How is llms.txt different from robots.txt and sitemap.xml?
Robots.txt tells crawlers what they may and may not fetch. Sitemap.xml tells crawlers what URLs exist and when they last changed. Llms.txt is a curator's note for language models, written in markdown rather than the machine readable formats of the other two. It pairs a short brand summary with a curated list of the most important pages, prioritised by the publisher rather than discovered by the crawler. The three files complement each other rather than replace each other. A proper AI search programme ships all three, not one or two of them. Llms.txt is the editorial layer, robots.txt is the access layer, sitemap.xml is the discovery layer.
What is the difference between llms.txt and llms-full.txt?
Llms.txt is short, link only and curatorial. It contains a brand summary, then sections of links with one line descriptions. Llms-full.txt is long, content full and exhaustive. It concatenates the full markdown of the most important pages on the site into one document so that an agentic tool can read everything in one fetch. The two files serve different consumers. Llms.txt is for tools that need to understand what your site is. Llms-full.txt is for tools that want the entire context window to read. Most UK SMBs should ship llms.txt first, then llms-full.txt as a build artefact concatenating the top ten to twenty pages.
Where does the llms.txt format come from and who wrote it?
The proposal comes from Jeremy Howard, a co-founder of Answer.AI and fast.ai, published at llmstxt.org in September 2024. The format is deliberately simple: a markdown file with a single H1 brand name, a blockquote summary, then H2 sections of links written as standard markdown bullet items. The proposal is not a W3C standard, an IETF RFC or a vendor backed protocol. It is a community proposal that has accumulated meaningful adoption through 2025 and 2026, around ten per cent of three hundred thousand surveyed domains by early 2026, but is not yet read by any major AI model provider for retrieval or training.
What should a UK SMB actually put in their llms.txt file?
An H1 with the business name. A blockquote of two to four sentences summarising what the business does, where it operates, and any defining characteristics. An H2 Core pages section with five to eight links to the most important pages on the site, each with a short description. An H2 Guides section if you publish content. An H2 Optional section for secondary links like the blog or sitemap. Total length around fifty to one hundred lines. The discipline is curation, not exhaustiveness. The point is to tell a model in markdown what a careful human editor would say if they had thirty seconds to summarise the site. Ship Irvale's file at irvale.com/llms.txt as a worked example.
Will llms.txt eventually become a real ranking signal?

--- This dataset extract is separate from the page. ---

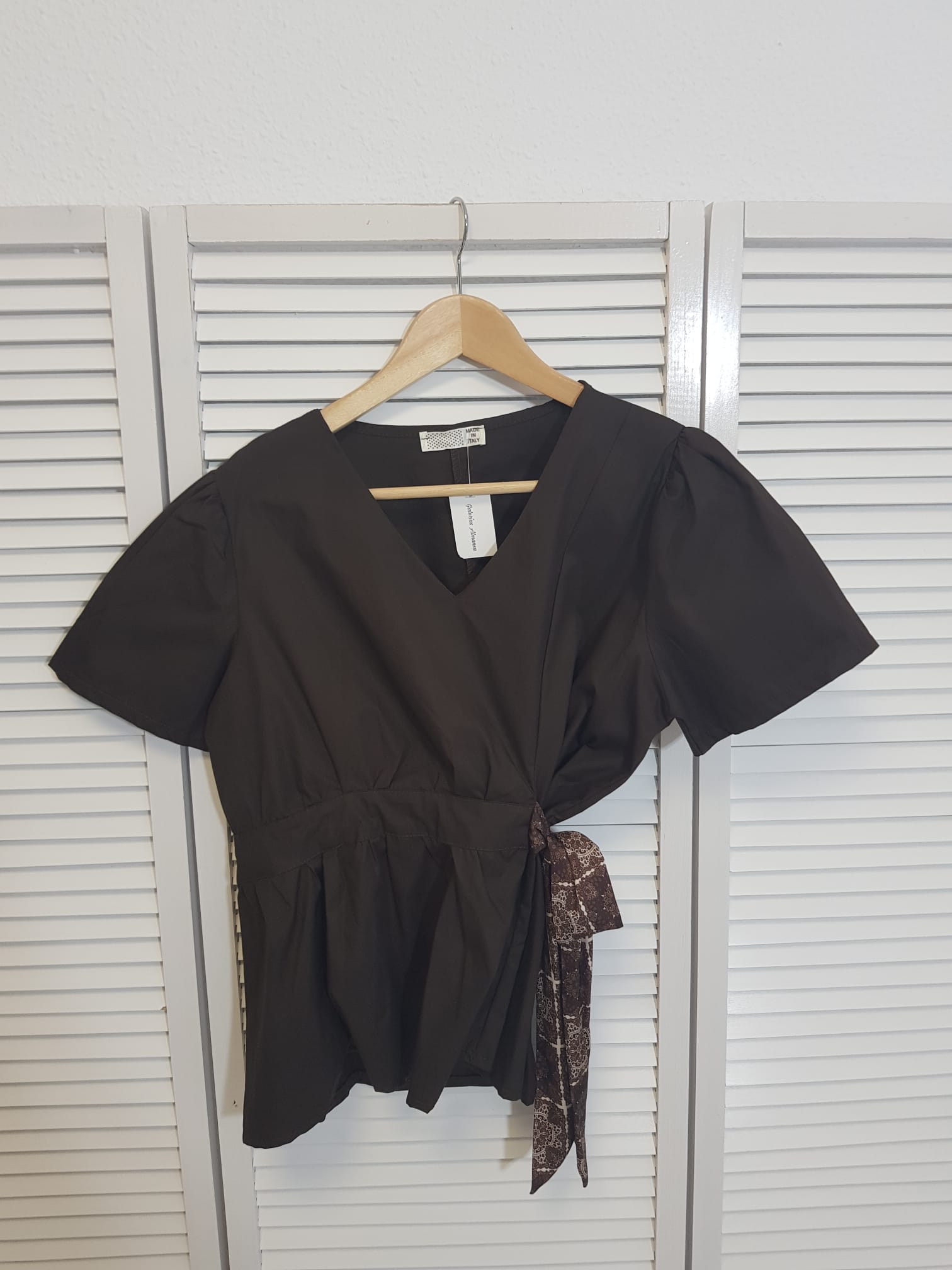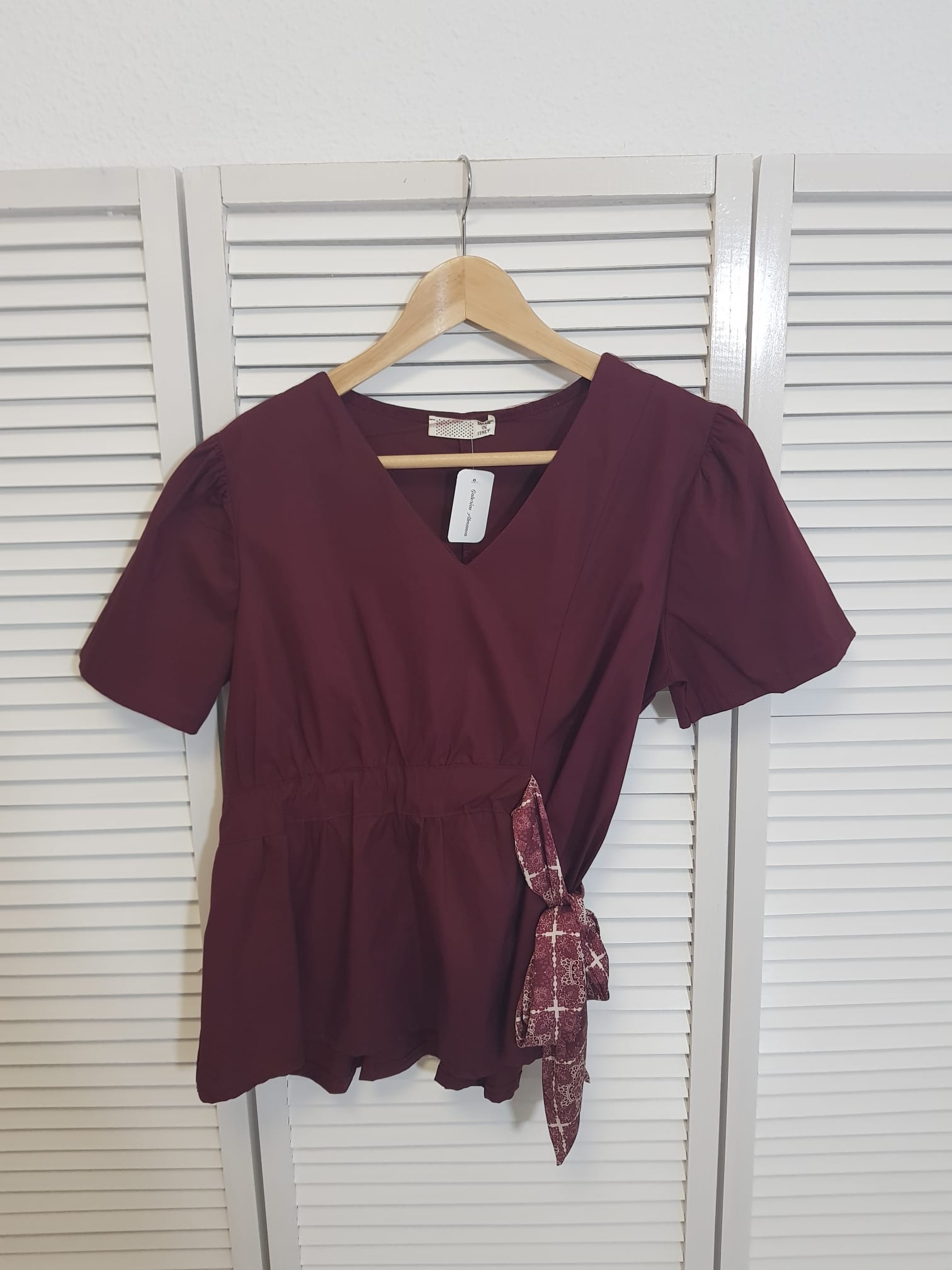 Blusa de manga cota de escote en pico y con detalle de lazada en raso en el lateral.

Possibly, but the honest answer is that nobody knows. The proposal has the right shape to become a signal. It is publisher controlled, machine readable, and focused on the kind of curated context that improves model output. It is also vulnerable to the same gaming problems that affected meta descriptions in classical SEO, which is partly why no major model provider has yet committed to reading it. The probability that some agentic tool starts consuming it in a meaningful way within the next twelve months is high. The probability that ChatGPT Search, Google AI Overviews or Perplexity reads it as a primary signal in 2026 is low. Ship it for the option value, not for the certain return.